With F_o(V) determined from several repeated experiments (Figure 3d), the dynamic change of the contact angle of a tiny droplet in oil on an EWOD chip is calculable with the modified model (with an oil film) in Equation (10). The shift ∆f of the QCM frequency from the experiment was substituted into Equation (10) to yield the contact radius, which then gave the contact angle according to Equation (9). Shown in Figure 4, the QCM results were compared with those of an optical goniometer and the Lippmann–Young estimate. The QCM results (with oil film) followed the trend predicted with the Lippmann–Young equation until the contact angle attained saturation. The modified QCM and optical data matched each other better at a large voltage. As opposed to the air case, here the closer match between the QCM and optical results at high voltage implied that evaporation was an issue in the air case, as the droplet in oil was not subject to evaporation so that the volume remained constant in the EWOD process. At a small voltage, the contact angles measured with the QCM were 10° less than from the optical means. This effect might be caused by the non-uniformity of the oil film. We compared the QCM results also from the unmodified model in Equation (8) that took no oil film into consideration. The QCM results without the oil film were larger than the optical and modified QCM results.

4. Conclusions

We present here the first demonstration of a dynamic change of contact angle with EWOD using a QCM in an integrated device; such use of a QCM to measure the contact angle facilitates the evaluation of EWOD when optical means are impractical. Droplets in a medium of air and oil were measured; the results agreed with the optical results in various voltage regions. In the experiment using oil as a medium, our results indicated there was a non-negligible oil film under the droplet, and that the oil portion decreased as the voltage increased.

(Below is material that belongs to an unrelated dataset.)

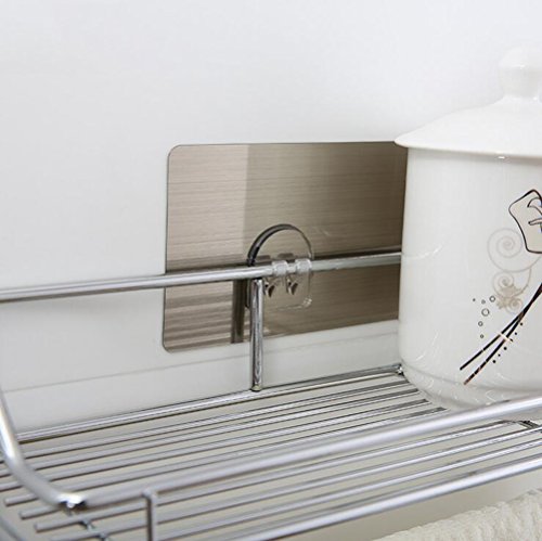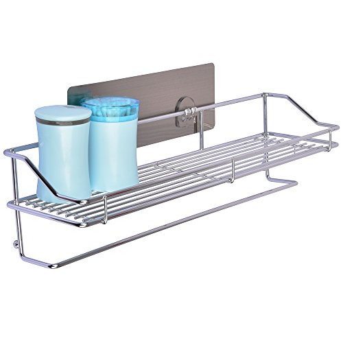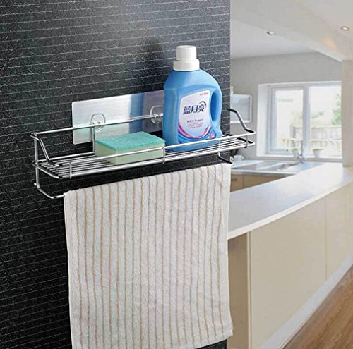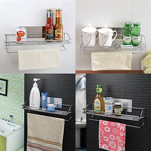 - Features of bathroom towel rack with shelf: No nail or drilling needed; Easy stick and non-trace; Harmless for the wall space, safe and stable; Kitchen&Bathroom, stick everywhere, washable, repeat stickers

Correctly incorporating a layer of an oil film in the model for this case is crucial for an accurately measured contact angle using a QCM. A simplified uniform layer was conceptualized in our model; the result was satisfactory in the region of large voltage, but the results fitted poorly those of an optical goniometer at a small voltage, which implied that oil might not form a homogeneous and uniform layer at a small voltage as we assumed. More direct measurement of an oil layer will confirm its presence and thickness under various conditions. Clear observations and a comparison of the morphological characteristics of oil and water, such as the inhomogeneity, might provide hints to improve future modeling.